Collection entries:
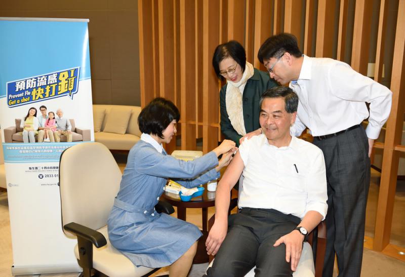 呢排天氣忽冷忽熱,大家都好易傷風。正所謂預防勝於治療,尋日特首梁振英(CY)就約埋五位主要官員,齊齊去打流感針,呢五位係:署理財政司司長陳家強、勞工及福利局局長張建宗、政制及內地事務局局長譚志源、保安局局長黎棟國,同埋創新及科技局局長楊偉雄。好多堅強嘅男人咩都唔驚,但係就最驚打針。不過呢,CY就一啲都唔驚,仲笑笑口添,梗係唔驚啦,原來CY身邊有兩位專家傍到實一實,佢哋咪就係食物及衛生局局長高永文醫生,同埋副局長陳肇始教授囉。
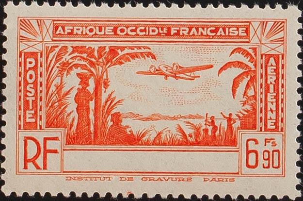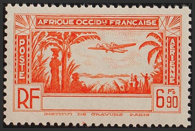 ★★Yvert 5a. 1940. 6´90 f naranja. Sin leyenda COTE D´IVOIRE. MAGNIFICO. Yvert 2013: 100 Euros
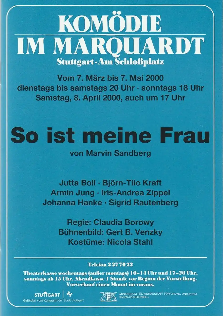 Titel: Programmheft Marvin Sandberg SO IST MEINE FRAU Premiere 7. März 2000 Spielzeit 1999 / 2000
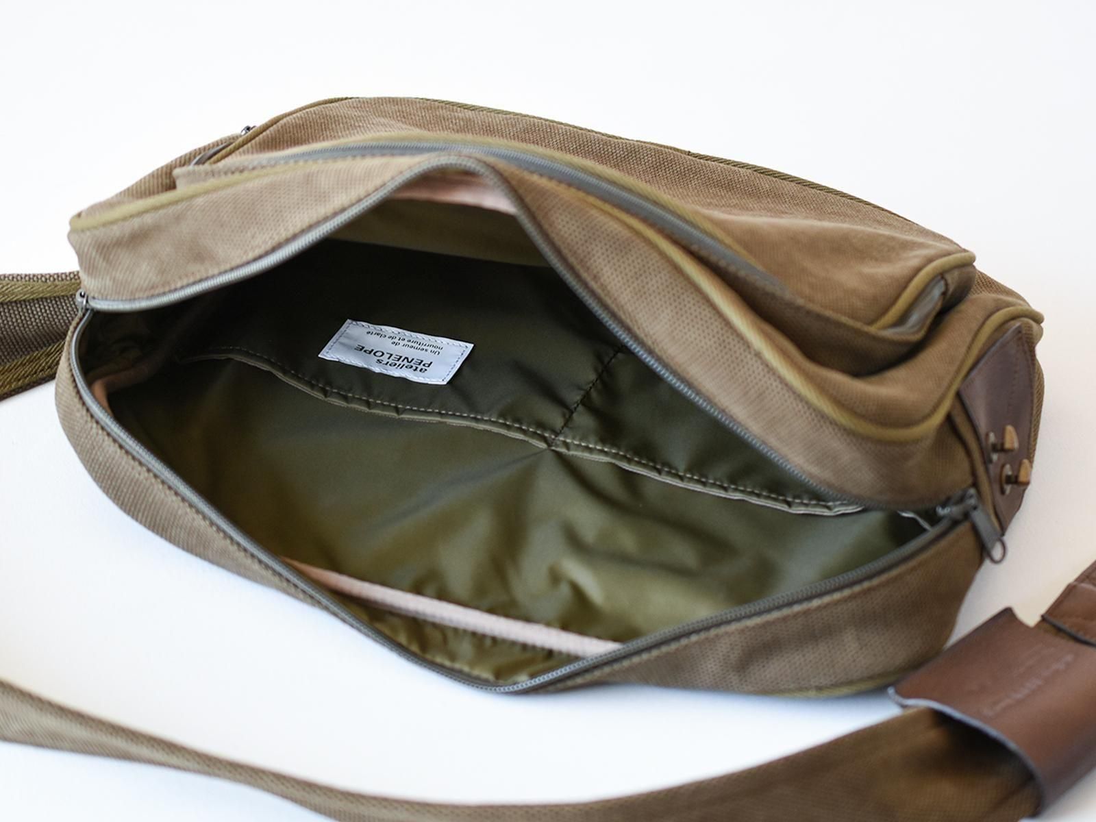 オリーブ/裏地ナイロン:カーキ、ショルダー革:ブラウン
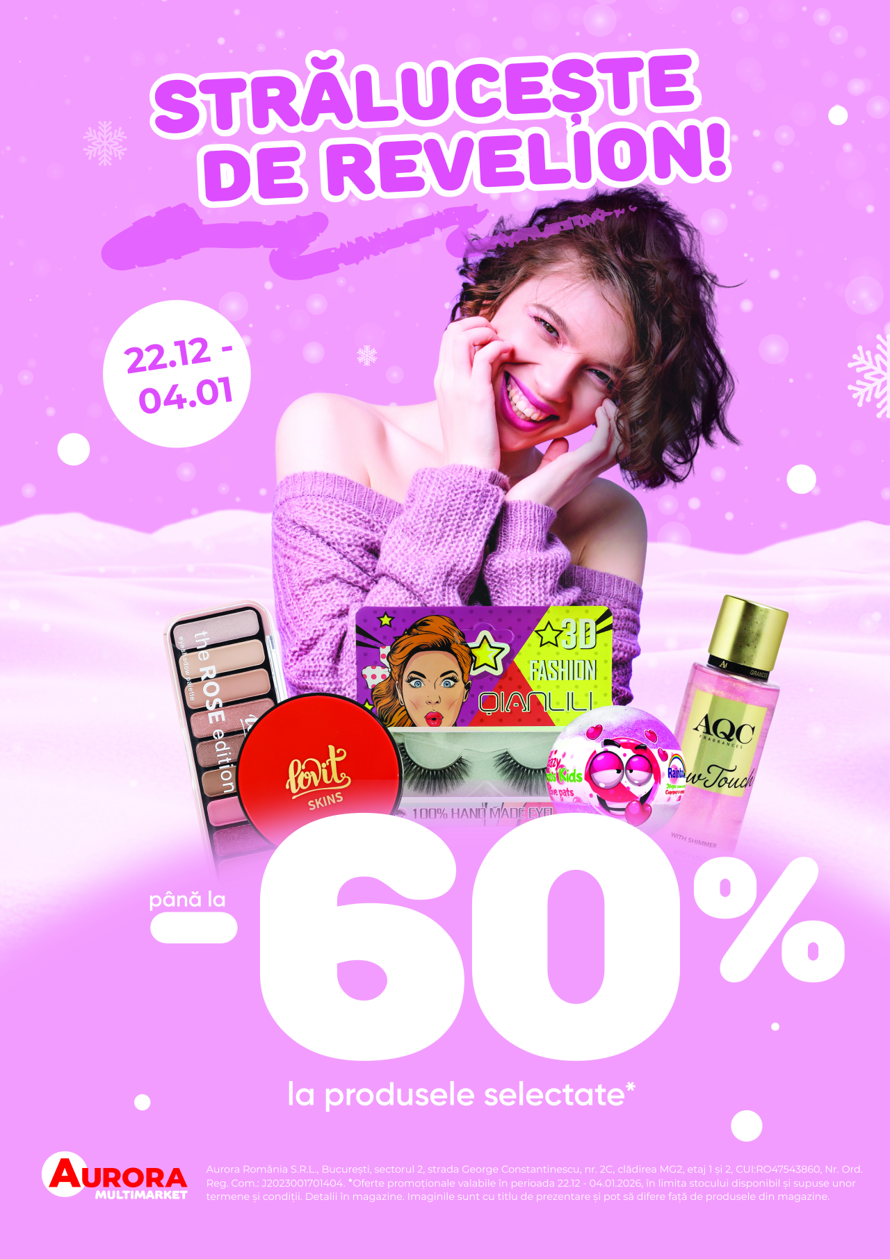 Între 22 decembrie și 4 ianuarie, Aurora Multimarket continuă surprizele cu o campanie dedicată frumuseții și momentelor speciale ale finalului de an.
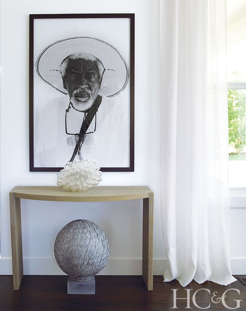 In a corner of the living room, a Lynn Blodgett photograph hangs above a Charles Gold–designed demilune table and a Calypso St. Barth lamp made of hand-blown glass orbs.
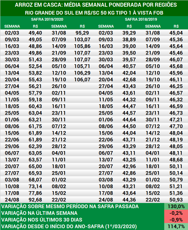 Arroz em casca: média semanal dos preços no RS
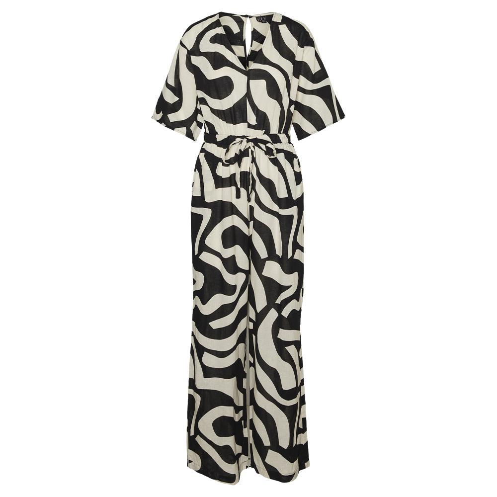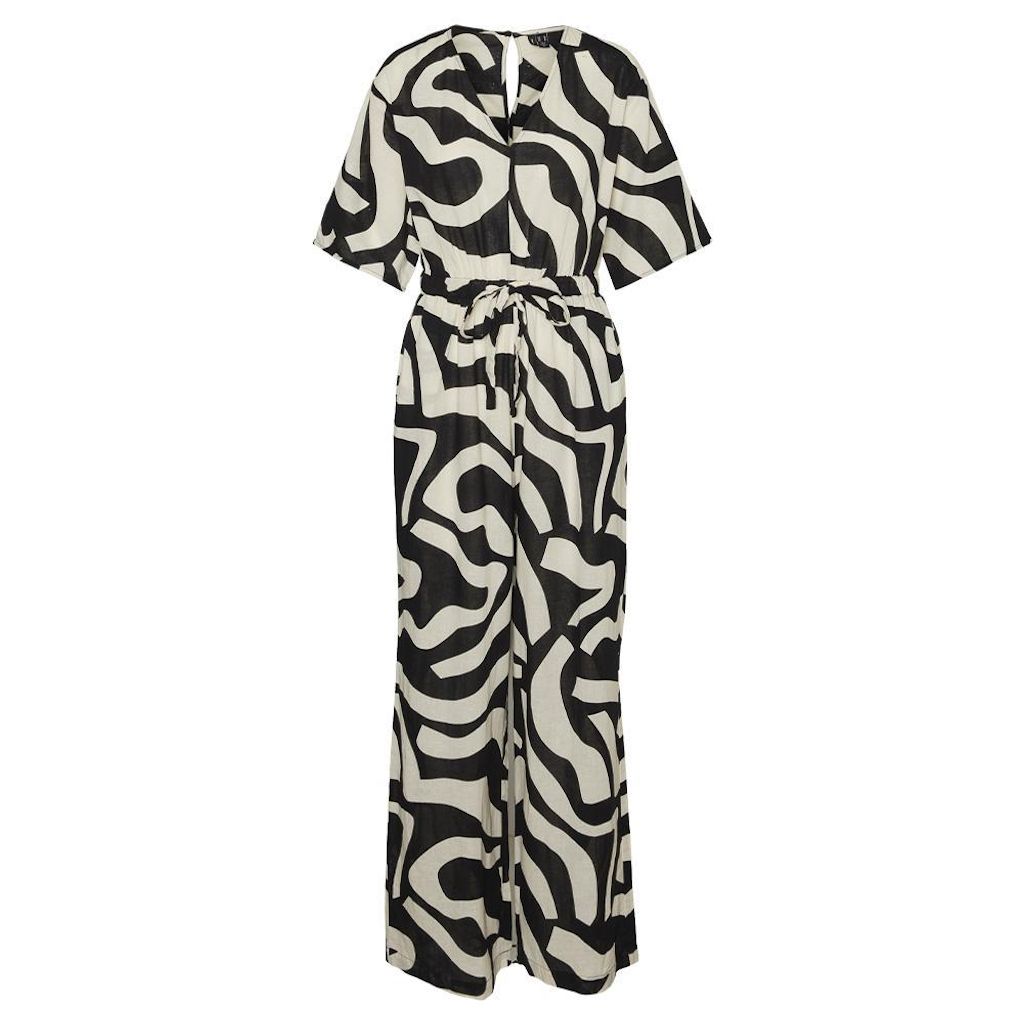 Craquez pour la Combinaison de la Vero Moda !- Coloris : Noir/Écru- Col V- Manches courtes- Ceinture à la taille- Tissu imprimé- Composition : 80% coton, 20% Lin
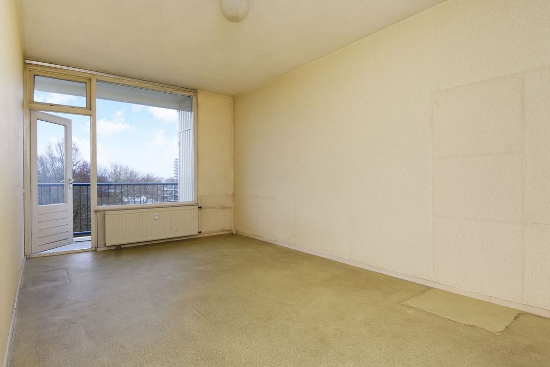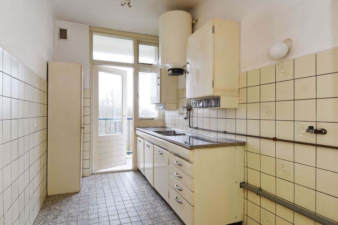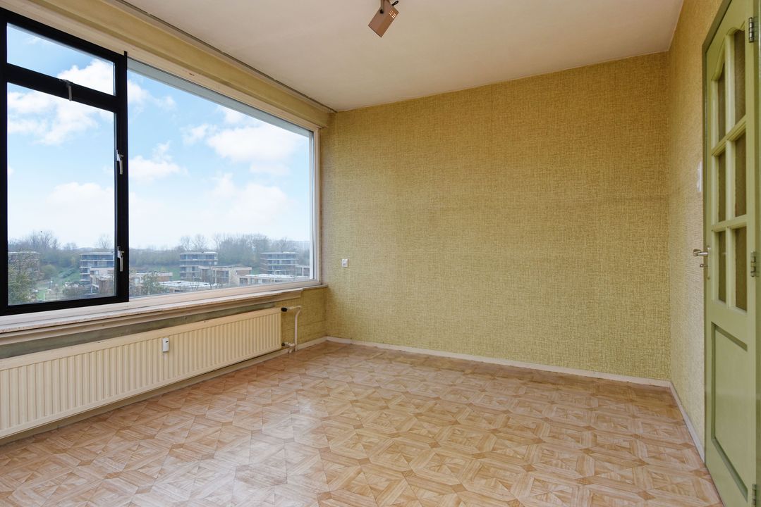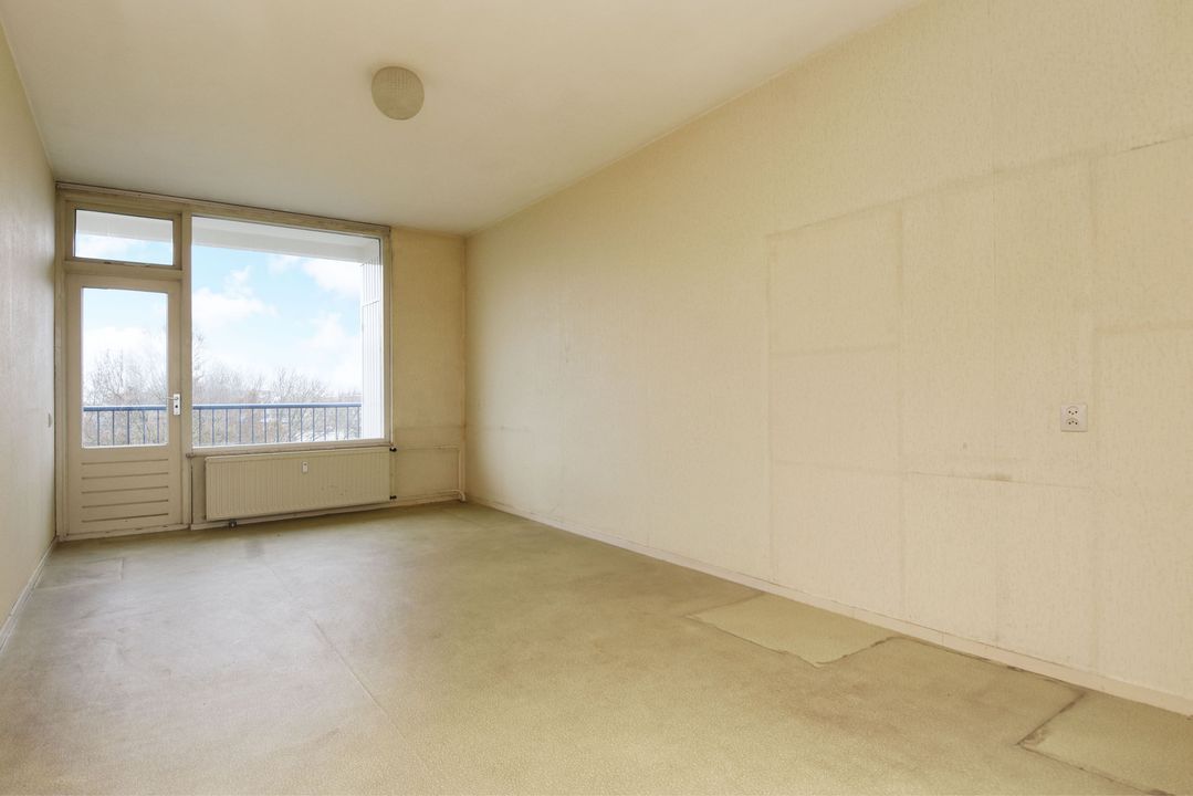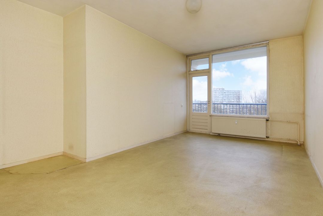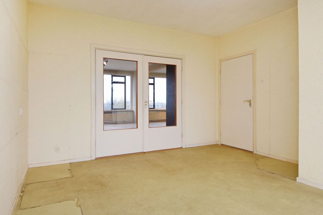 Gesloten centrale entreehal. Lift of trap naar 6e etage, entreehal met meterkast, woon-/eetkamer met bijgetrokken zijkamer en travertin schouw, keuken zonder apparatuur, slaapkamer aan de achterzijde, badkamer met bad/douchecombinatie en wastafel, toilet met fonteintje, balkon over de gehele breedte van de woning met balkonkast.

What the task requires:
Write the entries out in full and exactly, omitting every picture.

Exercise response:
 呢排天氣忽冷忽熱,大家都好易傷風。正所謂預防勝於治療,尋日特首梁振英(CY)就約埋五位主要官員,齊齊去打流感針,呢五位係:署理財政司司長陳家強、勞工及福利局局長張建宗、政制及內地事務局局長譚志源、保安局局長黎棟國,同埋創新及科技局局長楊偉雄。好多堅強嘅男人咩都唔驚,但係就最驚打針。不過呢,CY就一啲都唔驚,仲笑笑口添,梗係唔驚啦,原來CY身邊有兩位專家傍到實一實,佢哋咪就係食物及衛生局局長高永文醫生,同埋副局長陳肇始教授囉。
 ★★Yvert 5a. 1940. 6´90 f naranja. Sin leyenda COTE D´IVOIRE. MAGNIFICO. Yvert 2013: 100 Euros
 Titel: Programmheft Marvin Sandberg SO IST MEINE FRAU Premiere 7. März 2000 Spielzeit 1999 / 2000
 オリーブ/裏地ナイロン:カーキ、ショルダー革:ブラウン
 Între 22 decembrie și 4 ianuarie, Aurora Multimarket continuă surprizele cu o campanie dedicată frumuseții și momentelor speciale ale finalului de an.
 In a corner of the living room, a Lynn Blodgett photograph hangs above a Charles Gold–designed demilune table and a Calypso St. Barth lamp made of hand-blown glass orbs.
 Arroz em casca: média semanal dos preços no RS
 Craquez pour la Combinaison de la Vero Moda !- Coloris : Noir/Écru- Col V- Manches courtes- Ceinture à la taille- Tissu imprimé- Composition : 80% coton, 20% Lin
 Gesloten centrale entreehal. Lift of trap naar 6e etage, entreehal met meterkast, woon-/eetkamer met bijgetrokken zijkamer en travertin schouw, keuken zonder apparatuur, slaapkamer aan de achterzijde, badkamer met bad/douchecombinatie en wastafel, toilet met fonteintje, balkon over de gehele breedte van de woning met balkonkast.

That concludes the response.